Молодой страж-дружинник спит, сидя за столом, выключив настольную лампу. Ну, ладно, ладно: заперли до утра, теперь-то чего – утром сведут счеты, жди! – говорил я себе. (Ведь заслужил; ведь что к чему знающий.) Но нет. В том-то и накал, что нет. Я все еще исходил желанием вырваться: вырваться до утренней расправы, сейчас и немедля.
Ползу. В темноте камеры (доморощенная, вонюченькая бытовка) я полз как можно тише: скорость чуткой улитки. Пьяндыга, который совсем близко, похрапывал. Ползу и, как хищник, уже совпадаю своим дыханием с обертонами его храпа. Еще полшага. Со стороны его лица (со стороны запаха сивухи) подполз – и тихо-тихо ощупываю карманы. Он ни гугу. В кармане бумажки, сор, спички, помятых три коробка, зачем ему столько. Второй карман брюк был под телом, пришлось перевернуть. Пусто. (Я перевел дыхание.) Я поднял глаза: всмотрелся в тот далекий мир, что за решеткой. Охранявший спал. А из окна текли незримые лунные полосы – в мерцающих глянцевых нитях я разглядел, что страж за столом спит лицом в руки.

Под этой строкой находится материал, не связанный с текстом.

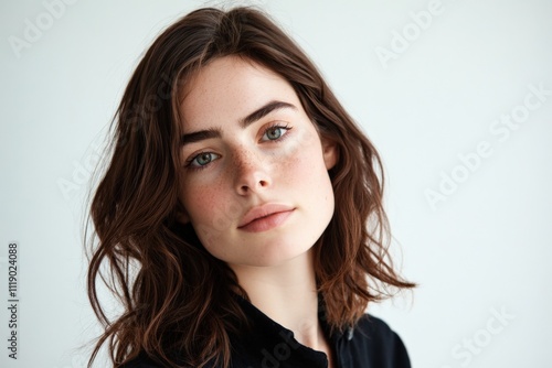 Natural Beauty Portrait of a Young Woman with Freckles and Wavy Hair

Столь же тихо я подполз ко второму, этот в блевотине, что как раз обнадежило; из брезгливости его могли не обыскать. Хоть четвертинка пустая (для удара сгодится), хоть бы квартирный ключ подлиннее, и чтоб зажать в руке, как тупой нож. Но сразу попал ладонью в липкое, зар-раза. Пустой. И обысканный. Даже авторучки паршивой не завалялось. Денег – металлическая мелочь. Не в силах вложить вновь в карманы, я вернул ему монеты, налепив их прямо на заблеванную рубашку, как ордена. Спи, воин. Мы тебя попомним. Третий (последний) пьяндыга был в углу, под самой решеткой. Раздосадованный, я пополз к нему быстрее и вдруг (уже потянувшись к карманам) понял, что он не спит. Он все время меня видел. Он трясся от страха. «У меня денег не-еет. Не-еет...» – еле слышным шепотом выдавил он из себя. Он думал, я ищу деньги. Я не стал ему объяснять, что и зачем ищу. Рукой (все же) потрогал его карманы – пусто. Потрогал еще и нагрудные, пусто. Тут я услышал журчание: он уписался. Маленький поток все журчал, журчал струйкой, в то время как мы оба молчали.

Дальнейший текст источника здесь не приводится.